Screening and treatment of sexually transmissible infections, including HIV, are free in the UK nations; pre-exposure prophylaxis (PrEP) became free in England in October 2017 through the PrEP Impact trial. Doctor-led PrEP clinics started at 56 Dean Street in September 2015, with the drug purchased privately at full price. The service was expanded to other staff to support initiation and monitoring of increasing numbers of attendees purchasing PrEP from online pharmacies. Nonetheless, when the clinic was given a target of 1700 for the PrEP Impact trial, it was clear this could not be achieved in a timely manner through 56 Dean Street alone. To prepare for the trial, all staff with HIV testing competencies were trained in good clinical practice and trial-specific procedures, and a patient group directive was approved to facilitate nurse prescribing and dispensing. Electronic pro formas to capture eligibility for starting or continuing PrEP were adapted for the Dean Street Express clinic, with some information collected directly from service users using touch screens. These interventions, together with an update to the 2016 information leaflet developed by the community, enabled enrolment and follow-up of 1700 participants in 4 months. PrEP advice and monitoring were easily accommodated in the 56 Dean Street sexual health service, but did require additional training and approval for nurse prescribing and dispensing drug in order to achieve the target, which still fell short of the demand.

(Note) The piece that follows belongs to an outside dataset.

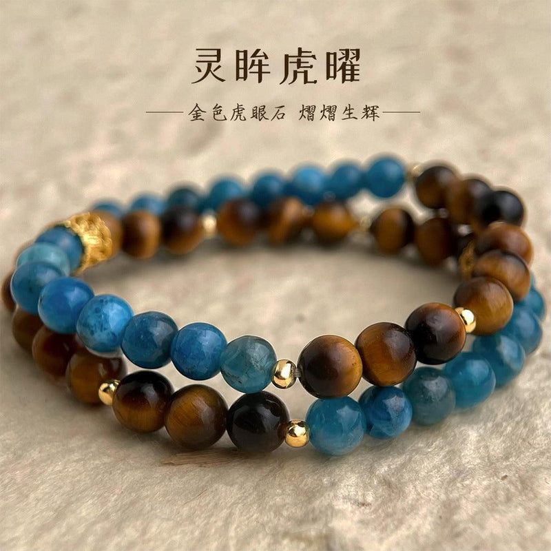 A廠-雙層疊戴天然石磷灰石虎眼石手鍊文藝復古民族風新款手飾工廠飾品「S240」25.03-4

Rapid testing and treatment for sexually transmitted infections improve patient care and yield public health benefits

A service evaluation of Chlamydia trachomatis (CT) and Neisseria gonorrhoeae (NG) testing and result notification in patients attending a rapid testing service (Dean Street Express [DSE]) compared with those attending an existing ‘standard’ sexual health clinic (56 Dean Street [56DS]), and modelling the impact of the new service from 1 June 2014 to 31 May 2015. Primary outcome: time from patients’ sample collection to notification of test results at DSE compared with 56DS. Secondary outcomes estimated using a model: number of transmissions prevented and the number of new partner visits avoided and associated cost savings achieved due to rapid testing at DSE. In 2014/15, there were a total of 81,352 visits for CT/NG testing across 56DS (21,086) and DSE (60,266). Rapid testing resulted in a reduced mean time to notification of 8.68 days: 8.95 days for 56DS (95% CI 8.91–8.99) compared to 0.27 days for DSE (95% CI 0.26–0.28). Our model estimates that rapid testing at DSE would lead to 196 CT and/or NG transmissions prevented (2.5–97.5% centile range = 6–956) and lead to annual savings attributable to reduced numbers of partner attendances of £124,283 (2.5–97.5% centile range = £4260–590,331). DSE, a rapid testing service for asymptomatic infections, delivers faster time to result notification for CT and/or NG which enables faster treatment, reduces infectious periods and leads to fewer transmissions, partner attendances and clinic costs.